In general, dann will struggle as unrelated variables are intermingled with informative variables. To deal with this, sub_dann projects the data onto a unique subspace and then calls dann. sub_dann is able to mitigate the use of noise variables. See section 3 of Discriminate Adaptive Nearest Neighbor Classification for details. Section 4 compares dann and sub_dann to a number of other approaches.


Example: Circle Data With Random Variables

In the below example there are 2 related variables and 5 that are unrelated. Lets see how dann, sub_dann, and dann with only the correct features perform.
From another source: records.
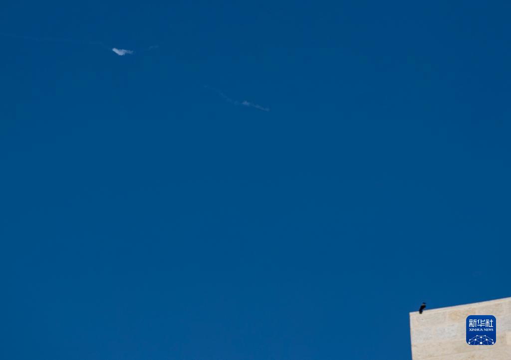 这是10月7日在耶路撒冷拍摄的以色列“铁穹”防御系统拦截火箭弹后的烟雾。
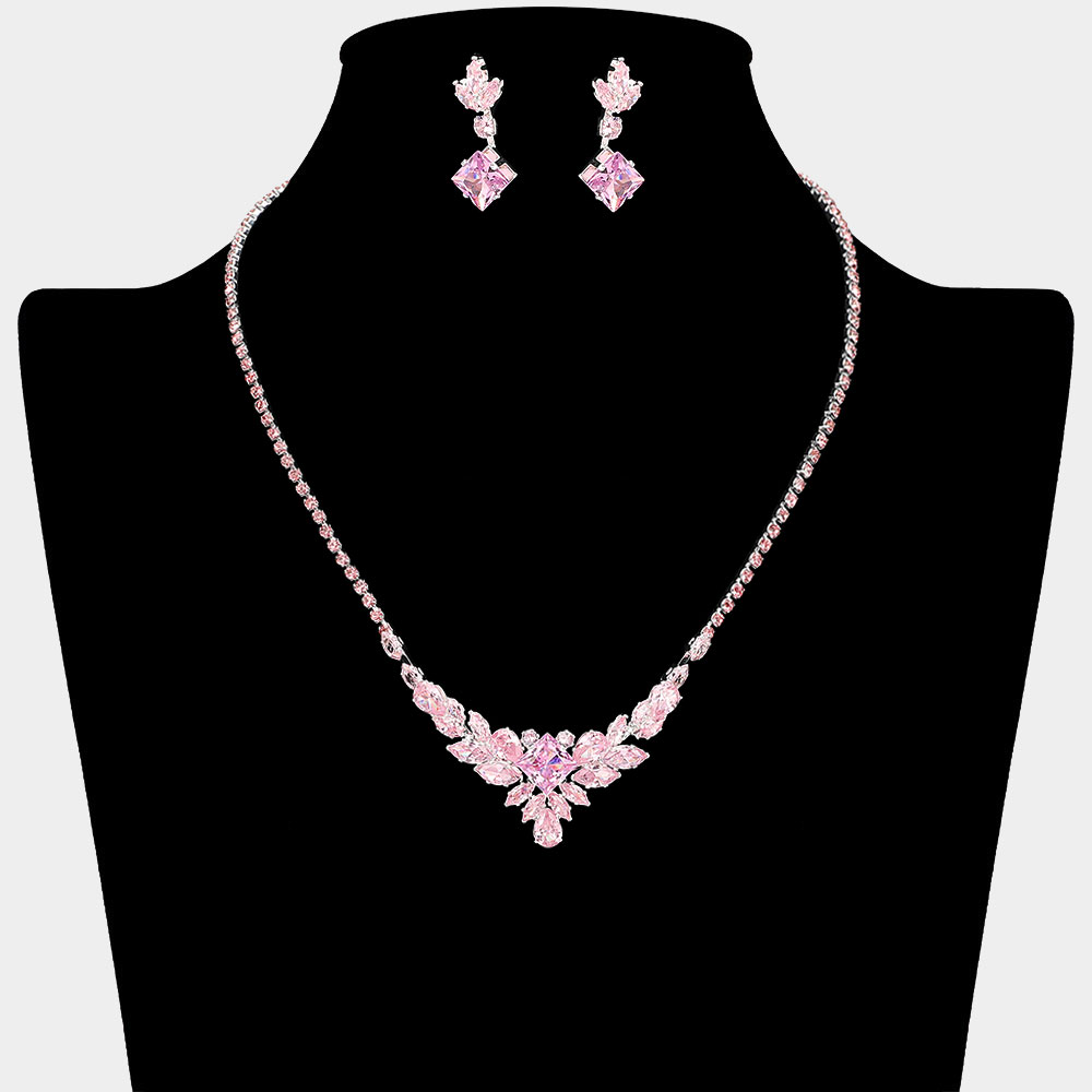 Details • Necklace Size : 16.75" + 4.75" L • Decor Size : 0.75" L • Earrings Size : 1" L • Stunning jewelry set featuring a V-cut necklace with dazzling cubic zirconia stones and matching drop earrings. Designed for elegance, this set adds brilliance and refinement to formal outfits and evening wear. • CZ Cubic Zirconia
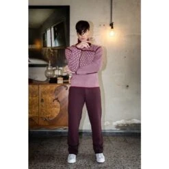 These knit straight leg trousers are comfy and easy to wear. Using a new woven playful pattern the knit pants with front slash pockets are fitted with an elasticated waistband.
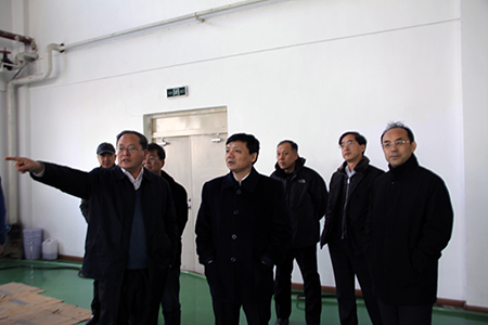 (杨厅长一行在省石化院院长白雪峰陪同下参观石化院中试生产基地)
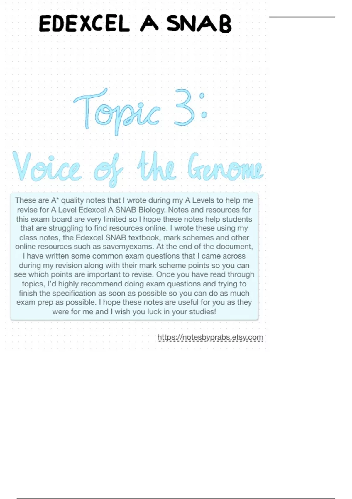 These are A* quality notes that I wrote during my A Levels to help me revise for A Level Edexcel A SNAB Biology. Notes and resources for this exam board are very limited so I hope these notes help students that are struggling to find resources online. I wrote these using my class notes, the Edexcel SNAB textbook, mark schemes and other online resources such as savemyexams. At the end of the document, I have written some common exam questions that I came across during my revision along with their mark scheme points so you can see which points are important to revise. Once you have read through topics, I’d highly recommend doing exam questions and trying to finish the specification as soon as possible so you can do as much exam prep as possible. I hope these notes are useful for you as they were for me and I wish you luck in your studies!
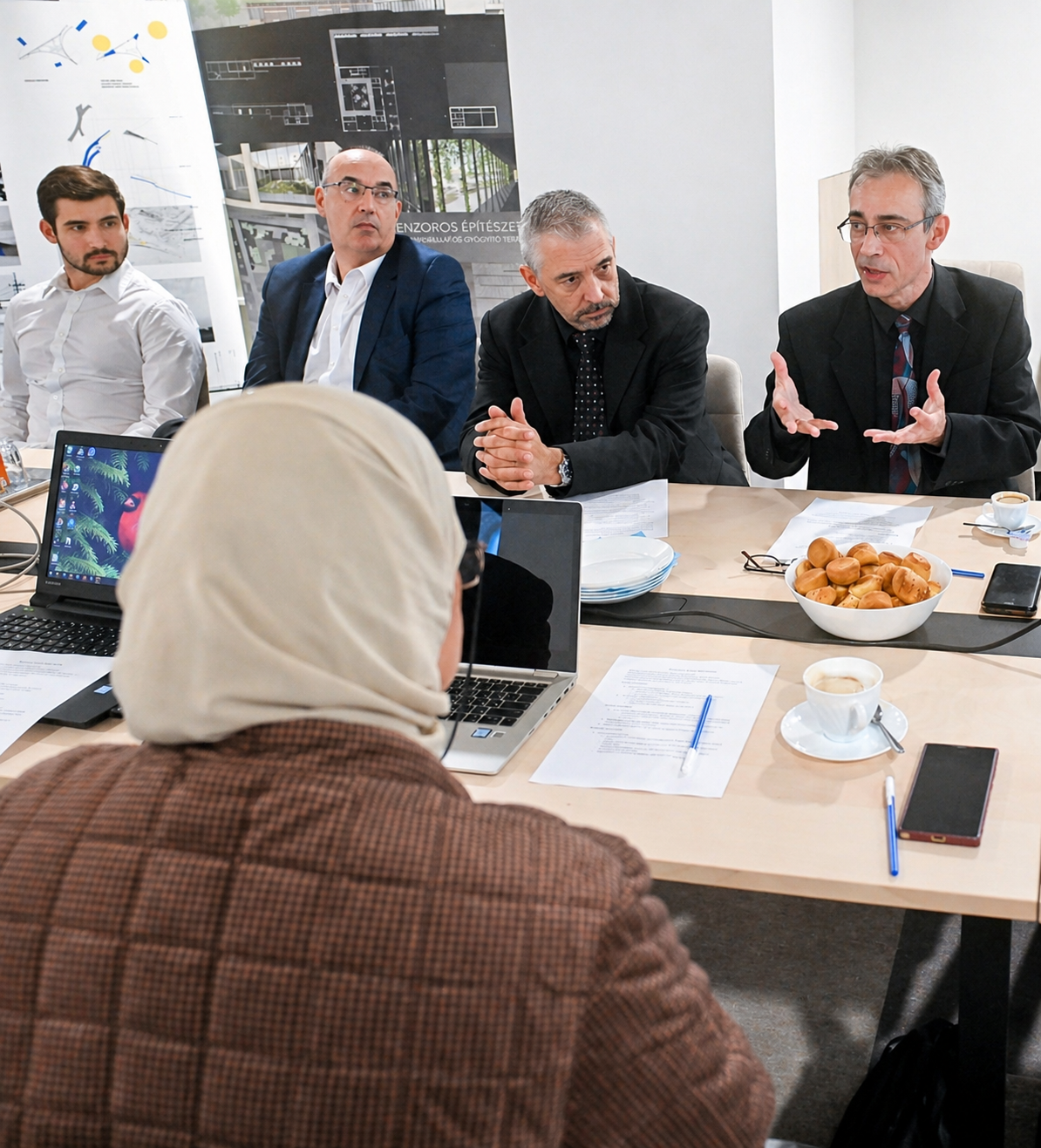 Beyond the meeting, our guests received guided tours in the labs of the Institute of Civil Engineering and the studios of the Institute of Architecture, and also delivered academic presentations reflecting their respective major fields of research to an audience of staff members and students of the faculty.

First, lets make a data set to work with.

 library(dplyr, warn.conflicts = FALSE)

 # Circle data with unrelated variables
 train <-, 2) %>%
 colnames(train)[1:3] <- c("X1", "X2", "Y")
 train <- train %>%
  mutate(Y = as.numeric(Y))

 # Add 5 unrelated variables
 train <- train %>%
     U1 = runif(500, -1, 1),
     U2 = runif(500, -1, 1),
     U3 = runif(500, -1, 1),
     U4 = runif(500, -1, 1),
     U5 = runif(500, -1, 1)
 test <-, 2) %>%
 colnames(test)[1:3] <- c("X1", "X2", "Y")
 test <- test %>%
  mutate(Y = as.numeric(Y))

 # Add 5 unrelated variables
 test <- test %>%
     U1 = runif(500, -1, 1),
     U2 = runif(500, -1, 1),
     U3 = runif(500, -1, 1),
     U4 = runif(500, -1, 1),
     U5 = runif(500, -1, 1)

As expected, dann is not permanent.

 dannPreds <- dann_df(
  formula = Y~X1 + X2 + U1 + U2 + U3 + U4 + U5,
  train = train, test = test,
  k = 3, neighborhood_size = 50, epsilon = 1, probability = FALSE)
 mean(dannPreds == test$Y)
## [1] 0.668

Moving on to sub_dann, the dimension of the subspace should be chosen based on the number of large eigenvalues. The graph suggests 2 (the correct answer).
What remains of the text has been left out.